What you are asked to do: Your task is to give the listing below back word for word, pictures excluded.

Material shown:
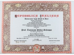 Parchment, delivered by University of Bari. Honorary degree in Law.
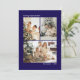 Tarjeta Festiva Collage de 4 Fotos Personalizadas de Familia Azul
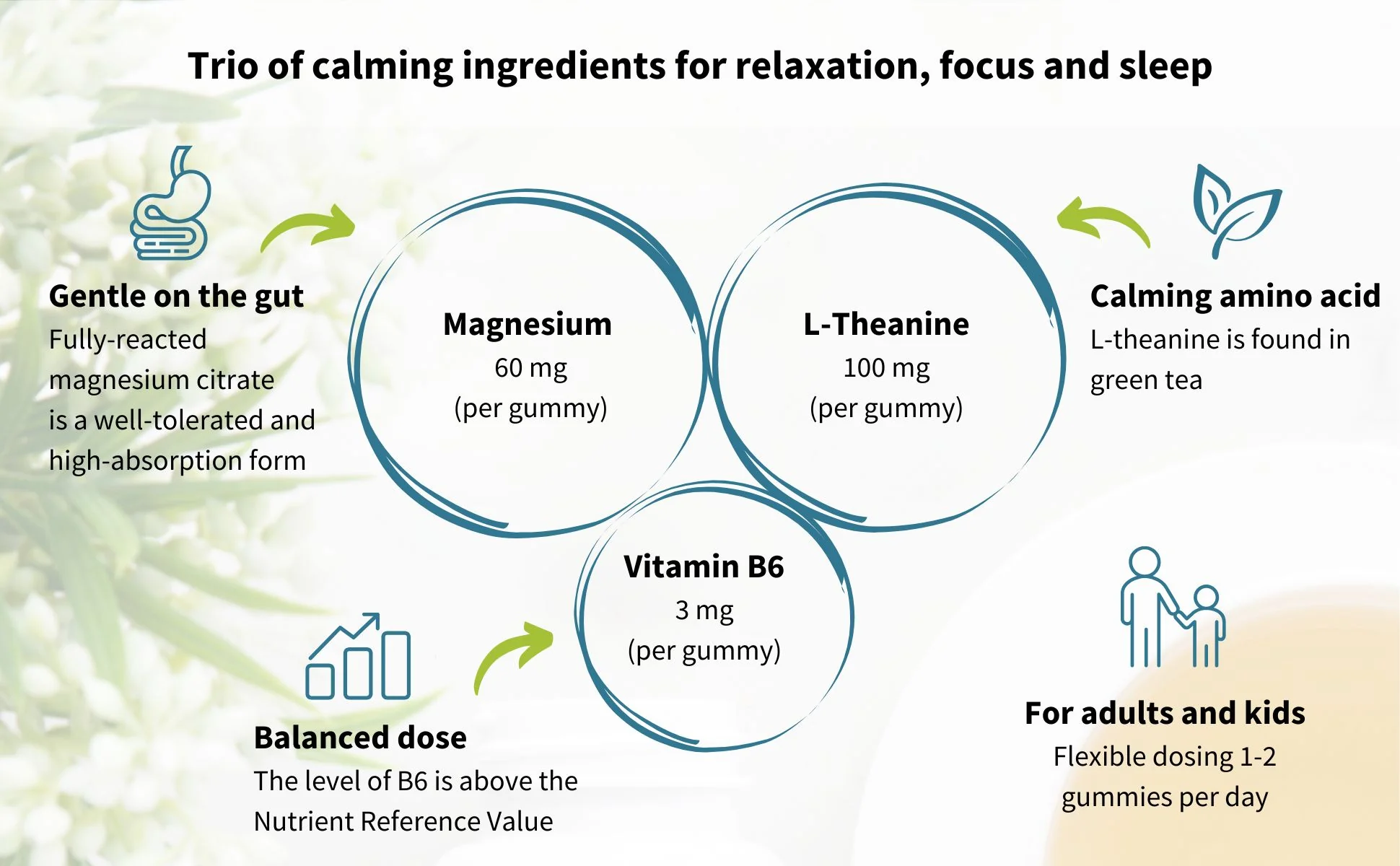 a blend of magnesium citrate, L-theanine and vitamin B6, formulated to promote a calm focused mind throughout the day, and relaxation before bedtime for a restful night’s sleep
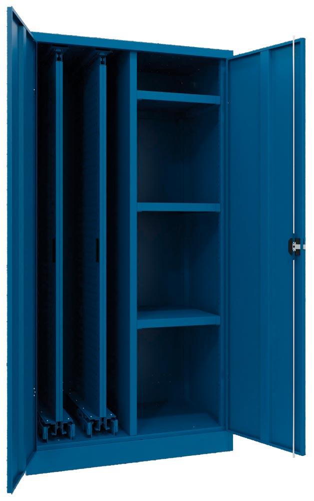 Vertikalauszugschrank, 2 Auszüge mit Lochplatten, Mitteltrennwand, 3 Böden, BxTxH 1000x600x1950 mm, RAL 5010
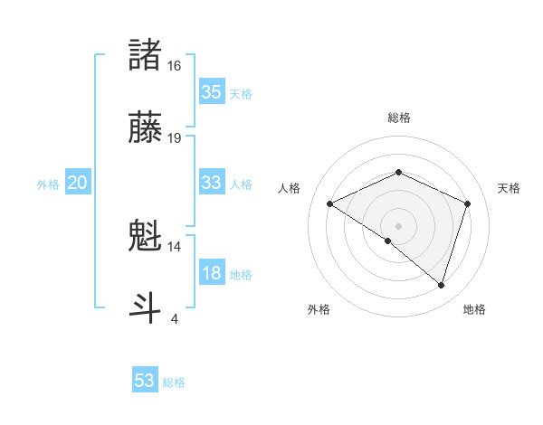 諸藤 魁斗さんの総格は53画の3点!
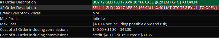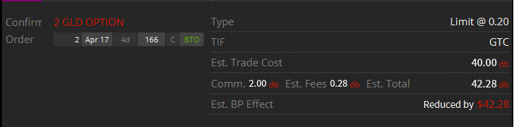 GLD Last Price = 158.69 + 5% = $166 Strike Price.

Result of the task:
 Parchment, delivered by University of Bari. Honorary degree in Law.
 Tarjeta Festiva Collage de 4 Fotos Personalizadas de Familia Azul
 a blend of magnesium citrate, L-theanine and vitamin B6, formulated to promote a calm focused mind throughout the day, and relaxation before bedtime for a restful night’s sleep
 Vertikalauszugschrank, 2 Auszüge mit Lochplatten, Mitteltrennwand, 3 Böden, BxTxH 1000x600x1950 mm, RAL 5010
 諸藤 魁斗さんの総格は53画の3点!
 GLD Last Price = 158.69 + 5% = $166 Strike Price.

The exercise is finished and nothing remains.